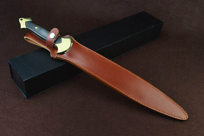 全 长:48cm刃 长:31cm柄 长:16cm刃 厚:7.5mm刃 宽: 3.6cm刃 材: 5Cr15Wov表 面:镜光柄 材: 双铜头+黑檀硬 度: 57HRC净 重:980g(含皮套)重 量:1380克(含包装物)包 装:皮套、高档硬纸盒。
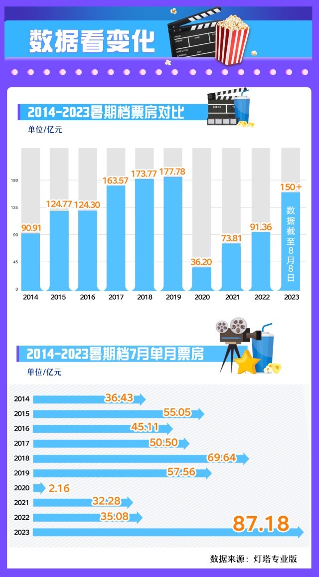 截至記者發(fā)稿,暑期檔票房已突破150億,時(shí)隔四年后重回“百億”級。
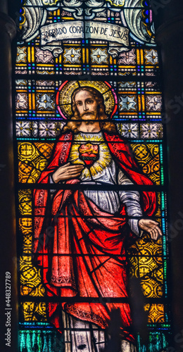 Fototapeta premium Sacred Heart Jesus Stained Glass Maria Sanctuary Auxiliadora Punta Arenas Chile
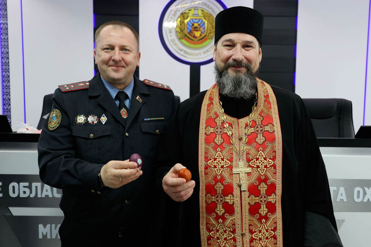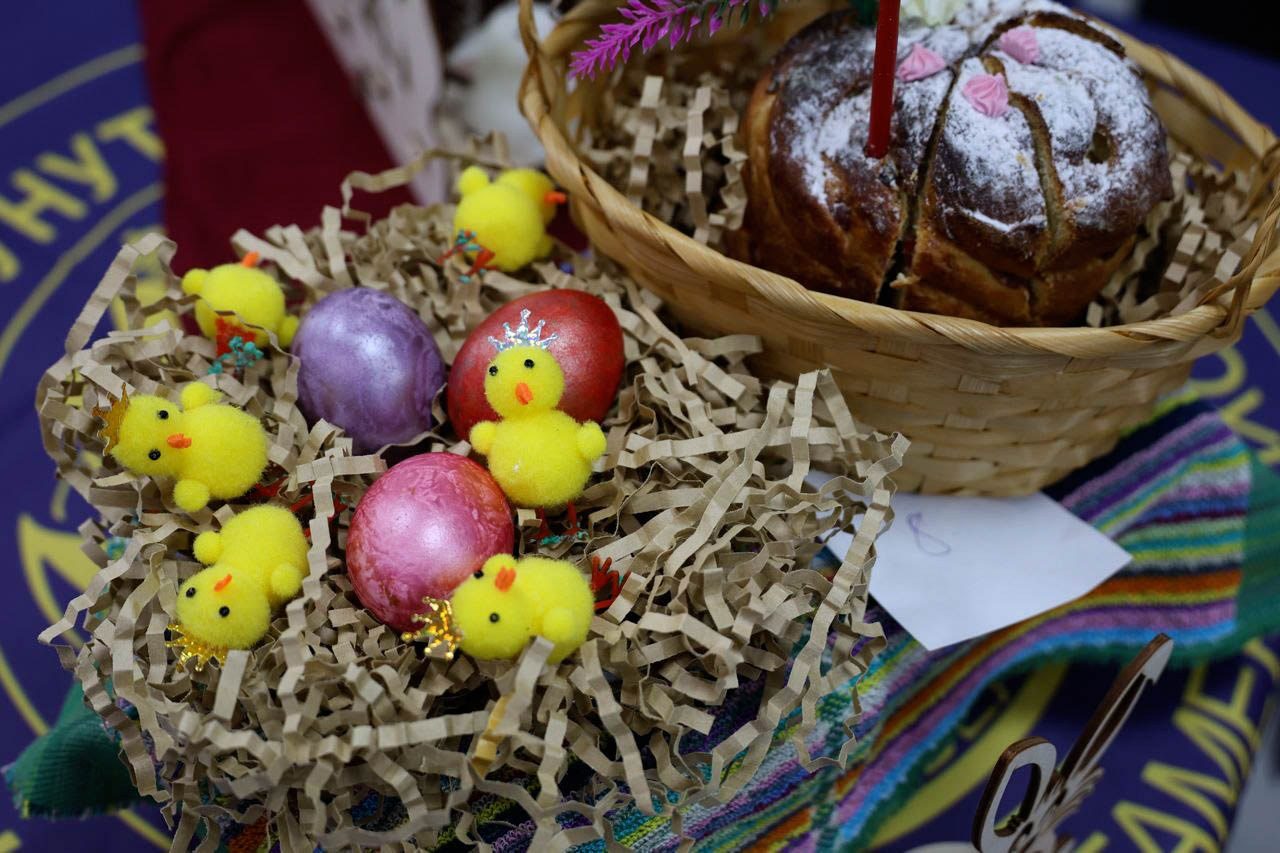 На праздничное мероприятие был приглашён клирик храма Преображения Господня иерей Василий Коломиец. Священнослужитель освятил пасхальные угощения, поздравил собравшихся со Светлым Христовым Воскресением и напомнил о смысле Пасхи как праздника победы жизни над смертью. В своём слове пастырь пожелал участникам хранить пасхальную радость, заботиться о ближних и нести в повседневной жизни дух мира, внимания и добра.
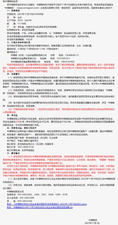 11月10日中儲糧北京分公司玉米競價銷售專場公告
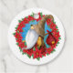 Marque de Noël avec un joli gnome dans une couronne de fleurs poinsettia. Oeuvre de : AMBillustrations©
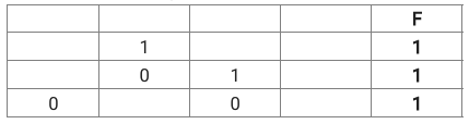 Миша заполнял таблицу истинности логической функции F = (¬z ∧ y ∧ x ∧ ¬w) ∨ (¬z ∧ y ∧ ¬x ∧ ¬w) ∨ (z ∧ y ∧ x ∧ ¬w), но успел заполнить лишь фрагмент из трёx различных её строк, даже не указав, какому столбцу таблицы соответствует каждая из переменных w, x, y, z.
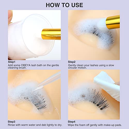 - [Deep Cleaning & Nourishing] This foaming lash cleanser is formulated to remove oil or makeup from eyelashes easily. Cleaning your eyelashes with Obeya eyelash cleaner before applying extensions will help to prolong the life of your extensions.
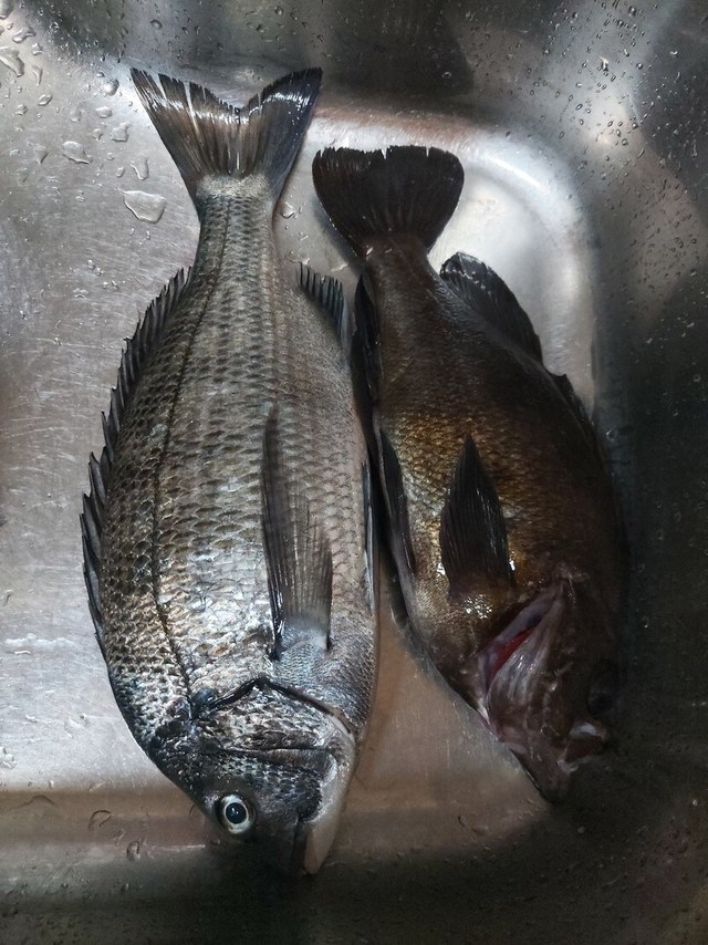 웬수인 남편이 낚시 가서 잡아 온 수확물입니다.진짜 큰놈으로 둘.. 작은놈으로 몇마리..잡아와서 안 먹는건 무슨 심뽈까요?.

[WHAT YOU SHOULD DO]
The answer is the full listing above, reproduced character for character, minus its images.

[EXERCISE RESPONSE]
 全 长:48cm刃 长:31cm柄 长:16cm刃 厚:7.5mm刃 宽: 3.6cm刃 材: 5Cr15Wov表 面:镜光柄 材: 双铜头+黑檀硬 度: 57HRC净 重:980g(含皮套)重 量:1380克(含包装物)包 装:皮套、高档硬纸盒。
 截至記者發(fā)稿,暑期檔票房已突破150億,時(shí)隔四年后重回“百億”級。
 Fototapeta premium Sacred Heart Jesus Stained Glass Maria Sanctuary Auxiliadora Punta Arenas Chile
 На праздничное мероприятие был приглашён клирик храма Преображения Господня иерей Василий Коломиец. Священнослужитель освятил пасхальные угощения, поздравил собравшихся со Светлым Христовым Воскресением и напомнил о смысле Пасхи как праздника победы жизни над смертью. В своём слове пастырь пожелал участникам хранить пасхальную радость, заботиться о ближних и нести в повседневной жизни дух мира, внимания и добра.
 11月10日中儲糧北京分公司玉米競價銷售專場公告
 Marque de Noël avec un joli gnome dans une couronne de fleurs poinsettia. Oeuvre de : AMBillustrations©
 Миша заполнял таблицу истинности логической функции F = (¬z ∧ y ∧ x ∧ ¬w) ∨ (¬z ∧ y ∧ ¬x ∧ ¬w) ∨ (z ∧ y ∧ x ∧ ¬w), но успел заполнить лишь фрагмент из трёx различных её строк, даже не указав, какому столбцу таблицы соответствует каждая из переменных w, x, y, z.
 - [Deep Cleaning & Nourishing] This foaming lash cleanser is formulated to remove oil or makeup from eyelashes easily. Cleaning your eyelashes with Obeya eyelash cleaner before applying extensions will help to prolong the life of your extensions.
 웬수인 남편이 낚시 가서 잡아 온 수확물입니다.진짜 큰놈으로 둘.. 작은놈으로 몇마리..잡아와서 안 먹는건 무슨 심뽈까요?.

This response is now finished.